WORK REQUIRED: Output exactly the lines of the listing below that run from the line with "Description: Console is" through the line with "A simple way". No pictures.
━━ RECORD EXTRACTS
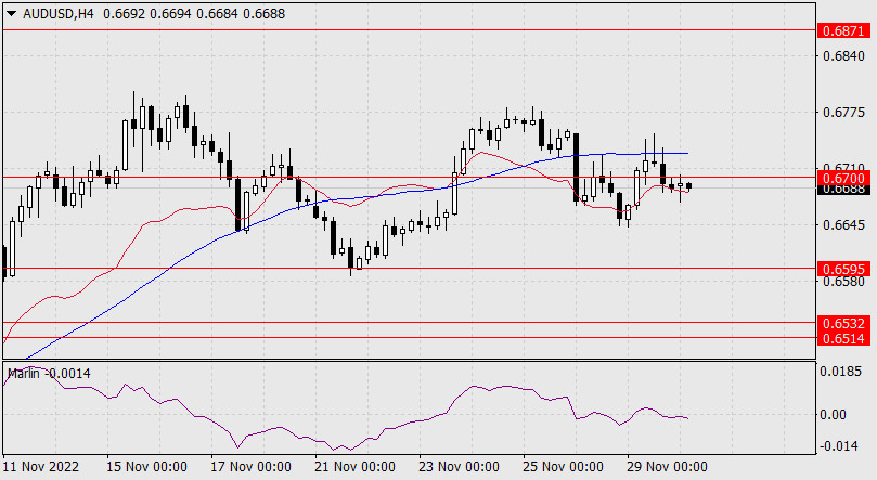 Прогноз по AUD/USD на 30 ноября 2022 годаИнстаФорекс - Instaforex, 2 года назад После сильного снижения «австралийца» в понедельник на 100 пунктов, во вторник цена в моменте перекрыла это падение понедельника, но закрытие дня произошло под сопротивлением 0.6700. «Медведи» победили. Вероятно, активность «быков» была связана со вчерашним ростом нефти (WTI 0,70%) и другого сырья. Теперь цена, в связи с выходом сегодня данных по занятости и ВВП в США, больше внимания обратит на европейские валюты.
━━━━
━━ RECORD EXTRACTS
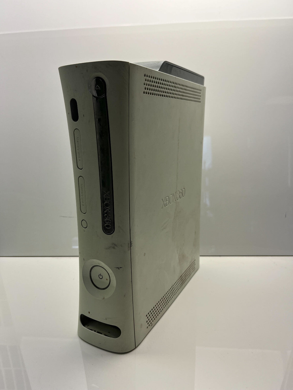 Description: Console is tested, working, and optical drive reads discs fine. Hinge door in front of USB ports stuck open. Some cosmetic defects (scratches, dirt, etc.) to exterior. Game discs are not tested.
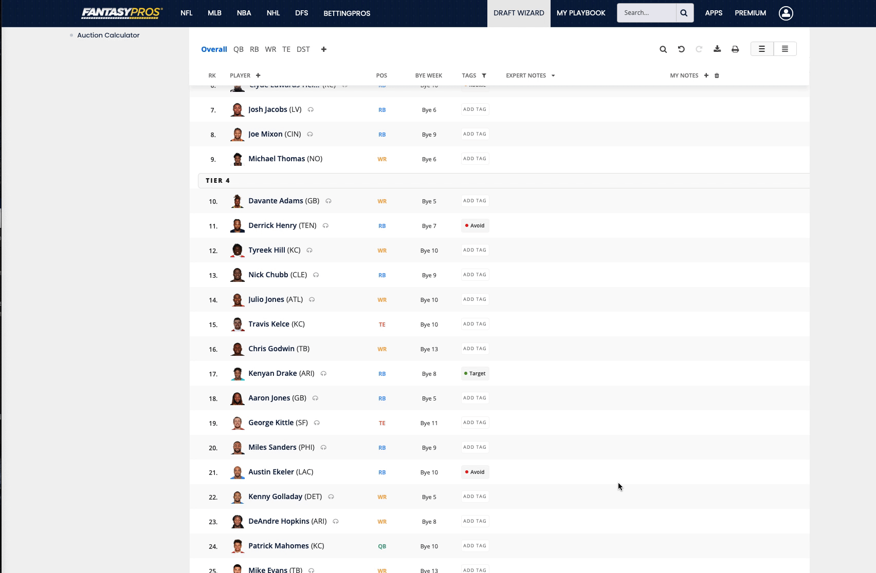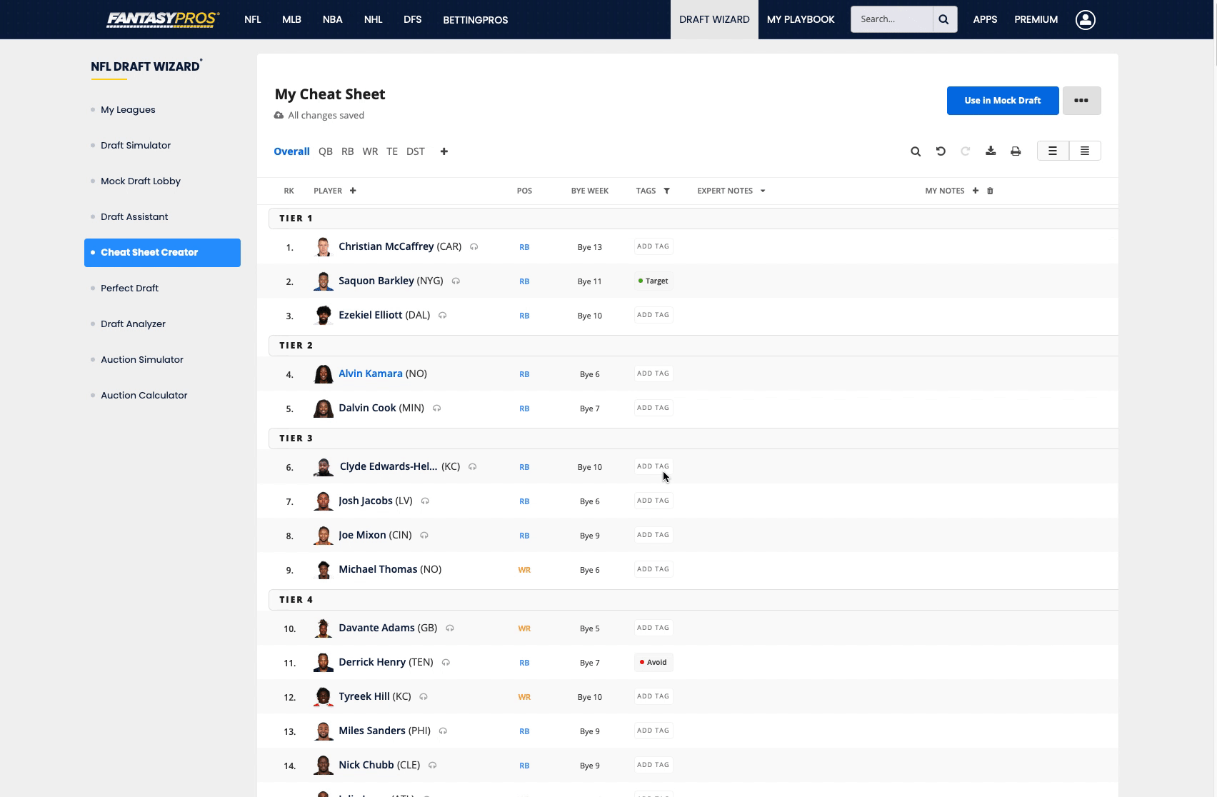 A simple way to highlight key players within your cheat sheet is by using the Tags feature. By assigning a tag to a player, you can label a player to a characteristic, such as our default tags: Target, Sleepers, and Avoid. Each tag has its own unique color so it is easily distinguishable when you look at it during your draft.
━━━━
━━ RECORD EXTRACTS
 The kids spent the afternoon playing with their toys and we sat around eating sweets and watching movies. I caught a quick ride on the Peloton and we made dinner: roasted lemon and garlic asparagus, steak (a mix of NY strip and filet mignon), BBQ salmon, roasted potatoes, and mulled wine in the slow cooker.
━━━━
TASK OUTPUT:
 Description: Console is tested, working, and optical drive reads discs fine. Hinge door in front of USB ports stuck open. Some cosmetic defects (scratches, dirt, etc.) to exterior. Game discs are not tested.
 A simple way to highlight key players within your cheat sheet is by using the Tags feature. By assigning a tag to a player, you can label a player to a characteristic, such as our default tags: Target, Sleepers, and Avoid. Each tag has its own unique color so it is easily distinguishable when you look at it during your draft.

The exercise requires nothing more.